Structure of a Simple Drill UDF

Drill UDFs are implemented in Java, and if you are not a Java developer, some aspects of writing a Drill UDF can seem a little complex—once you get past the boiler-plate code, you will find it is not much more difficult than writing a function in any language.

Let’s take a look at the structure of a Drill UDF. In this section, we’ll walk through the process of creating a few simple UDFs.

In the GitHub repository for this book you will find a folder called udf_templates/simple, which contains all the files you will need to create your own simple Drill UDF. Our first UDF will validate credit card numbers using the Luhn algorithm described earlier.

The pom.xml File

In the root directory of udf_templates/simple you will find pom.xml, which contains instructions that Maven uses to build the UDF. There is a section at the top of the pom.xml file that looks like this:

<groupId>org.apache.drill.contrib.function</groupId>
<artifactId>udf_template</artifactId>
<version>1.0</version>
<name>Drill Function Template</name>

You can change the name of the project and the version here, although it does not affect the functionality of the function.

Don’t Forget the Source JAR!

Though typically not needed in other projects, for Drill UDFs, Maven must be configured to produce a source JAR file as well as the executable.

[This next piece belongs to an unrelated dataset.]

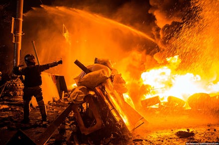 Photojournalist Ilya Varlamov has been documenting the protests from behind the opposition lines, walking among the protesters and taking stunning photos of their struggle. Here's some photos he took of street fighting in Kiev.

To accomplish this, you must include the following in your pom.xml file:

<build>
  <plugins>
    <plugin>
      <groupId>org.apache.maven.plugins</groupId>
      <artifactId>maven-source-plugin</artifactId>
      <version>2.4</version>
      <executions>
        <execution>
          <id>attach-sources</id>
          <phase>package</phase>
          <goals>
            <goal>jar-no-fork</goal>
          </goals>
        </execution>
      </executions>
    </plugin>
    <plugin>
      <artifactId>maven-compiler-plugin</artifactId>
      <version>3.0</version>
      <configuration>
        <verbose>true</verbose>
        <compilerVersion>1.7</compilerVersion>
        <source>1.7</source>
        <target>1.7</target>
      </configuration>
    </plugin>
  </plugins>
</build>

Including dependencies

When you start building Drill UDFs, you will find that it can be very useful to include other libraries from Maven Central. In this example, there is a pre-existing library in Apache Commons (commons-validator) that performs all kinds of credit card validations, including the Luhn algorithm. To use this library in your Drill UDF, you need to add the dependency to the pom.xml file. Make sure that the version of Drill in the pom.xml file matches the version of Drill that you are using:

<dependencies>
  <dependency>
    <groupId>org.apache.drill.exec</groupId>
    <artifactId>drill-java-exec</artifactId>
    <version>1.14.0</version>
    <scope>provided</scope>
  </dependency>
  <dependency>
    <groupId>commons-validator</groupId>
    <artifactId>commons-validator</artifactId>
    <version>1.6</version>
    <scope>provided</scope>
  </dependency>
</dependencies>

The Function File

The actual functionality of the UDF is implemented in a file called UDFTemplate.java, which you can find in /src/main/org/apache/drill/contrib/function. This file contains a template for a simple UDF with a lot of the boilerplate code, but it is important to understand that Drill doesn’t directly execute this code. This code is a template that Drill uses to implement the method directly in Drill’s generated code—that’s why Drill also needs your function’s source code.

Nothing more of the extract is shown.